King Edward and the Eleanor Crosses

Edward I – the king who defeated Braveheart – could never be regarded as a particularly sentimental man but when it came to his wife, he was a clearly a very devoted husband. The procession of her body after death was marked with monuments called Eleanor Crosses.

Eleanor of Castile, King Edward and the Eleanor Crosses

Eleanor of Castile was the great great granddaughter of Eleanor of Aquitaine, the feisty queen of Henry II. Castile was an emerging European power as it pushed back the Islamic realm of southern Spain and originally, Eleanor was intended to be married in to the royal family of the neighbouring Christian kingdom of Navarre.

However, Edward I’s father – King Henry III – was troubled by the claims Castile was making to the duchy of Aquitaine, then still under English control, and decided the best way to deal with that problem was to marry his son to the Castilian princess.

Eleanor was no shrinking violet and in the wars that her husband, as king, would have to fight against the English barons and external foes – she proved to be a very strong support for him.  However, her life would be cut short – though not at a remarkably young age by the standards of the time. Journeying with Edward towards Lincoln, she caught a fever and died at the age of 49.

DISCOVER: Eleanor of Aquitaine – a fiery queen!

Location of the Eleanor Crosses

This clearly devastated the king who erected twelve ‘Eleanor Crosses’ at the staging points on her slow procession back to London.  This included crosses – initially in wood and later in stone – at Lincoln, Northamption, St Albans, Waltham and Westcheap and then finally at Charing.  The last cross was in a small hamlet near the city of Westminster, the centre of royal power.

The cross was in place there from the 1290s to the Cromwellian period in the mid-17th century but was then demolished as part of another wave of anti-idolatrous as well as anti-monarchist sentiment.  It stood more or less where the statue of king Charles I now stands at the end of Trafalgar Square, by Admiralty Arch.  The cross you can now see outside Charing Cross station is a Victorian confection.

6 thoughts on “King Edward and the Eleanor Crosses

  1. Then again so does Washington Irving, because of his novel (mostly) most people still think Medieval people believed the earth was flat. They didn’t btw. Even William Shakespeare does not soem extent. Rant over.

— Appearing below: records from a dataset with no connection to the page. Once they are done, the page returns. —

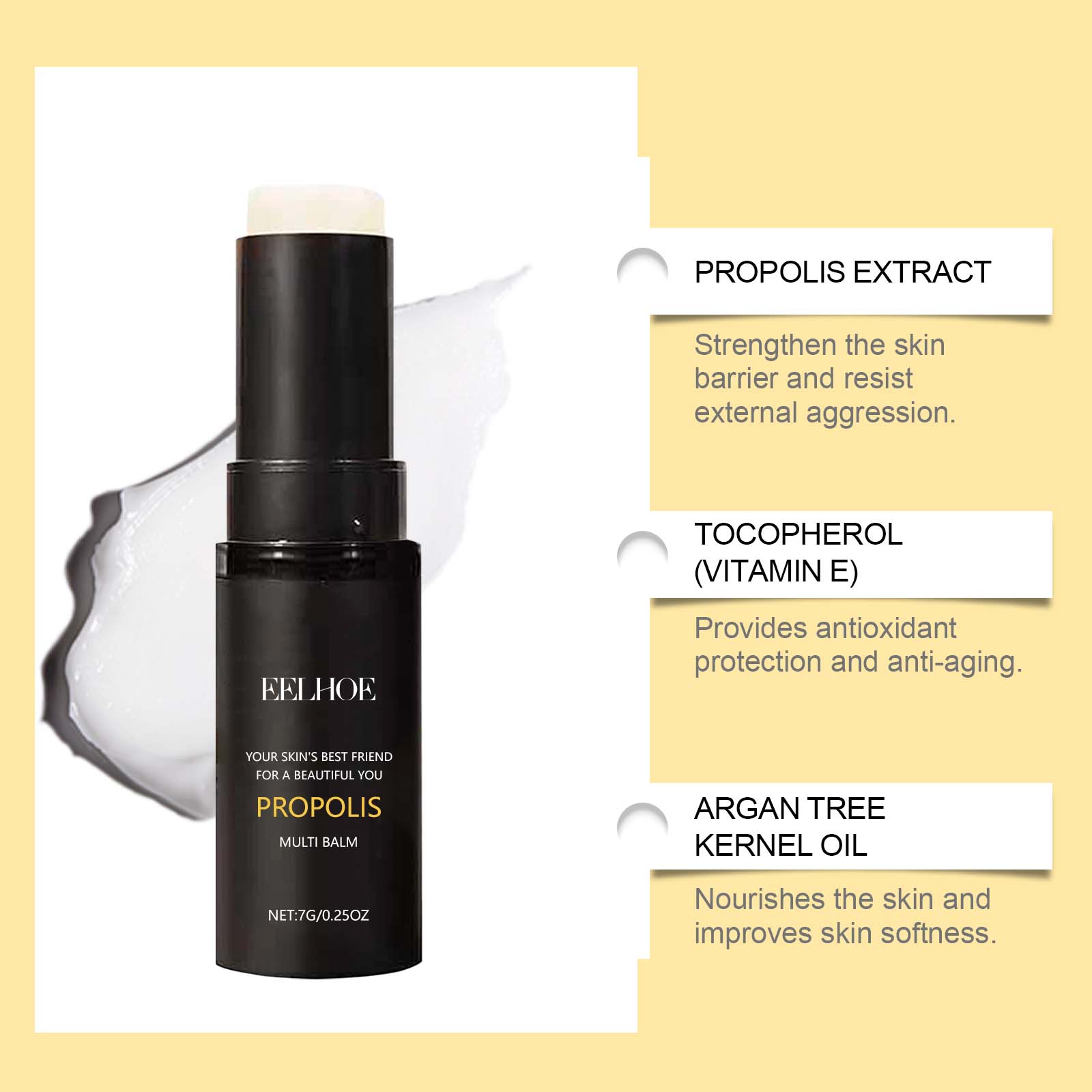 Our propolis firming and moisturizing stick contains propolis extract, beeswax and argan kernel oil. It strengthens the skin barrier against external aggression. Provides antioxidant protection and anti-aging; Nourish skin and improve skin softness. Its application method is simple: 1. Clean the facial skin and keep the skin smooth. 2. Open the bottle cap, twist the product well, and apply directly to the face. 3. Gently massage until completely absorbed. Handheld size, easy to carry. Provide lasting nutrition for the skin.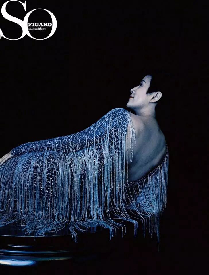 三位女星分别以不同的色彩展现女人的强大韧性,而吴君如的主题则是「Into the Blue」,在一片蓝色背景前,倚着深蓝绒布,身穿单肩土耳其蓝绸缎礼服、垂坠的银蓝流苏裙装,各式各样的蓝,让吴君如看起来坚毅又迷人。而利落短发与性感服饰让她看起来兼具女人韵味与帅气魅力,呈现出与平常不同的美丽样貌,十足迷人。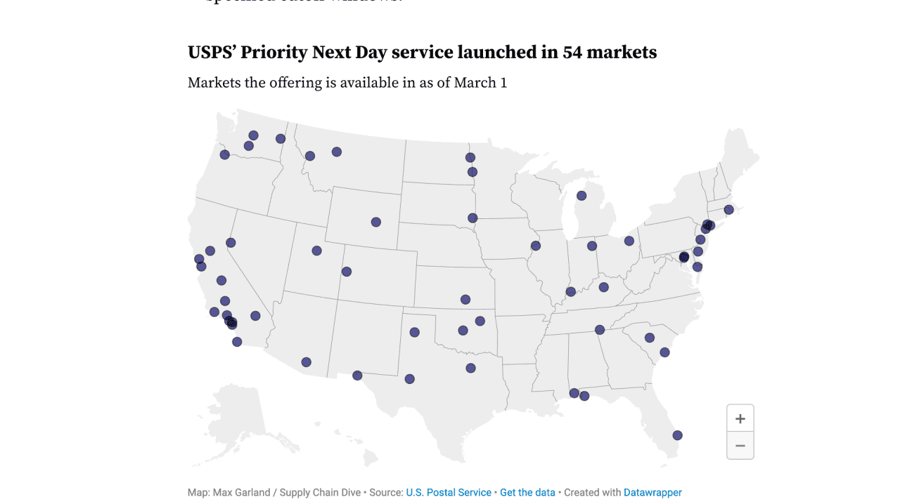 The U.S. Postal Service launched its Priority Next Day offering on Saturday with availability in 54 markets currently, according to an announcement from the agency.
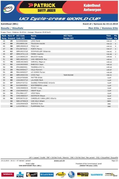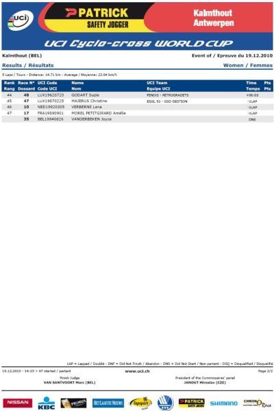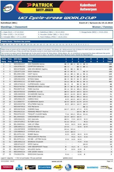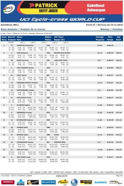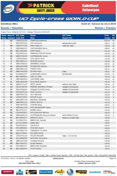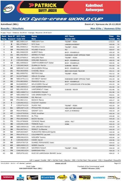 na osmém místě Havlíková i Šimůnek, Zlámalík desátý. ... Kateřina Nashová si po získání titulu mistryně ČR v cyklokrosu minulou sobotu v Mnichově Hradišti dojela pro bronz v nedělním závodě světového poháru na zasněžené trati v belgickém Kalmthoutu, průběžně je čtvrtá. Dobrý výsledek našeho ženského cyklokrosu podtrhla ještě osmým místem Pavla Havlíková, průběžně šestá. Radomír Šimůnek nezopakoval svůj sobotní výkon a dojel osmý (průběžně 20.), Zlámalík pak desátý (průběžně 25.). Za mrazivého počasí se mezi doslova „domácí" jezdce Toma Meeusena a Kevina Pauwelse dostal pouze Sven Nys, když ho Tom Meeusen v cílovém spurtu porazil. Zdeněk Štybar, který kvůli kolenu nejel už druhý svěťák, se propadl na průběžné šesté místo. Mezi juniory se do první desítky dostali sedmý Vojtěch Nipl, osmý Jakub Skála a desátý Tomáš Medek. Video - sestřih Světový pohár Kalmthout, Belgie 19.12.2010 muži. TV záznam ČT4 Sport - Světový pohár Kalmthout, Belgie 19.12.2010 muži. Video - na návštěvě u rehabilitujícího Zdeňka Štybara. Záznam Mistrovství ČR žen a mládežnických kategorií Mnichovo Hradiště 11.12.2010. Zdeněk Štybar si do Vánoc nezazávodí! Pojeďte na mistrovství republiky v cyklokrosu. Pojeďte na mistrovství světa v cyklokrosu. Jak se stát členem Fan klubu Zdeňka Štybara? Dne 19.12.2010:Ing. Josef Hrábek #ZŠ# Pro reakci na článek musíte být přihlšen |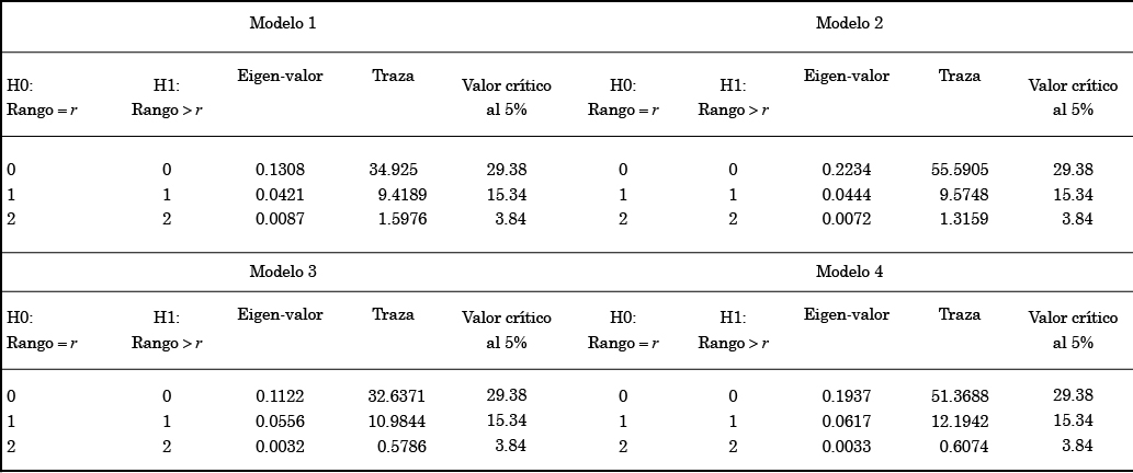 El anexo A2 muestra los resultados de la prueba de cointegración empleando la estadística de la traza. En cuanto a interpretación, se compara esta última estadística con el valor crítico, si es mayor (menor) se rechaza (no rechaza) el rango examinado.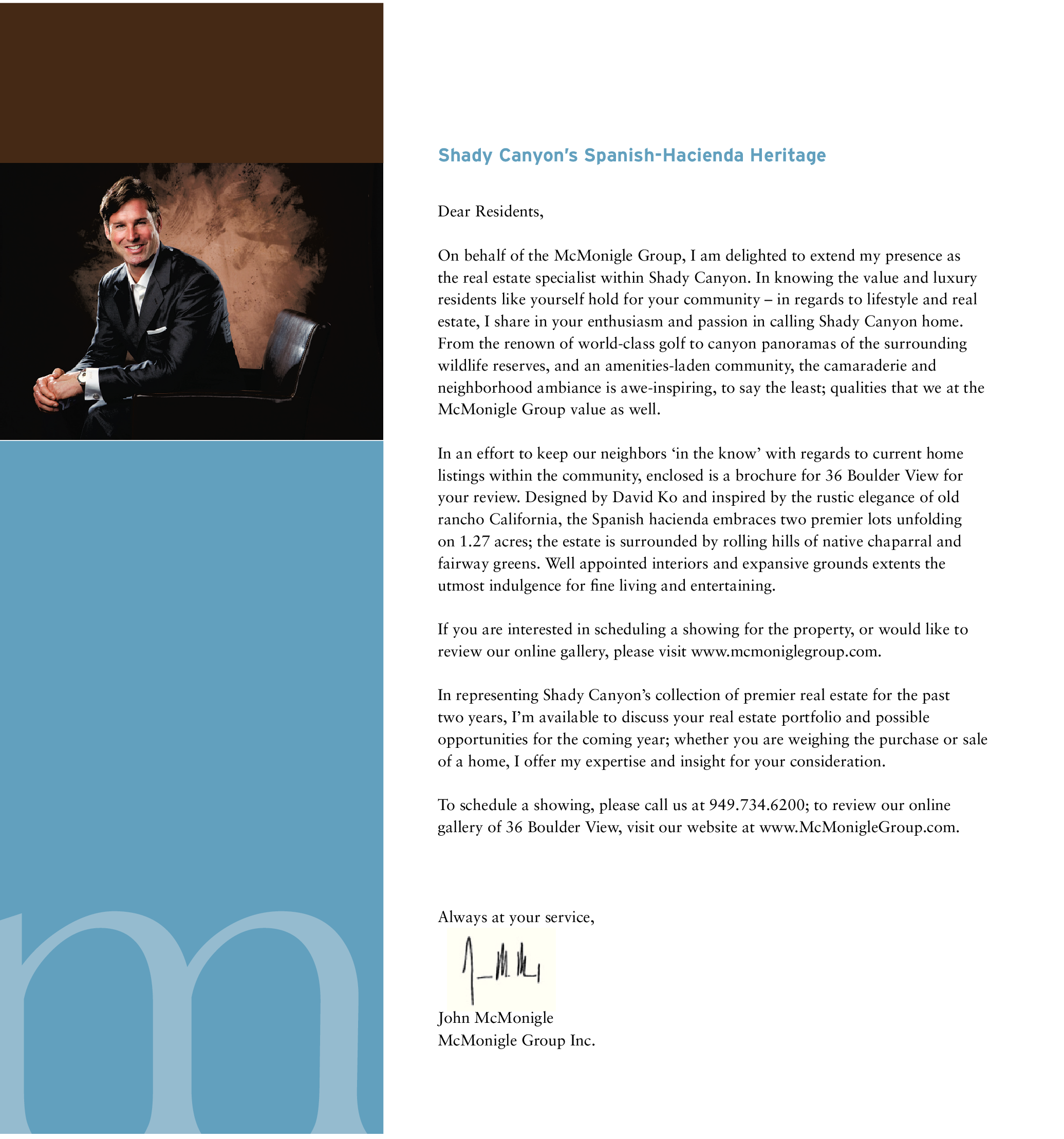In an effort to keep our neighbors ‘in the know’ with regards to current home listings within the community, enclosed is a brochure for 36 Boulder View for your review. Designed by David Ko and inspired by the rustic elegance of old rancho California, the Spanish hacienda embraces two premier lots unfolding on 1.27 acres; the estate is surrounded by rolling hills of native chaparral and fairway greens. Well appointed interiors and expansive grounds extents the utmost indulgence for fine living and entertaining.

  2. This is a great post. I knew about the Eleanor crosses that Edward built, and that he truly loved Queen Eleanor and was devastated at her death. It seems there is evidence that he loved his daughters as well, though his son Edward seems to have caused him no small annoyance, not least because of an acquaintance with a certain Piers Gaveston.

    Not that Gaveston actually got thrown out of any windows of course, nor indeed did Edward’s daughter in law Isabella (the ‘she wolf’ of France) actually’ have an affair with one William Wallace.

    1. Your Braveheart observations are totally right of course – that Mel Gibson has so much to answer for! Gaveston was more than likely beheaded and his body was left by the roadside.

      1. Right, Gaveston was beheaded on the orders of the Earl of Lancaster. Edward II’s cousin. I can’t remember the date, but it was certainly after Edward Longshanks had died.

        Yes, that Gibson has a lot to answer for. Misleading people and misinforming thier view of history for over 10 years. How many people have I met that still believe that film is true?

  3. First of all may I humbly put you right one one thing?
    This is that Braveheart was the nickname given to Robert Bruce, King of Scotland, and not to William Wallace. It was never even associated with the Latter until a certain movie came out. Of course now most people believe that Wallace was called Braveheart, shows how influential movies can be.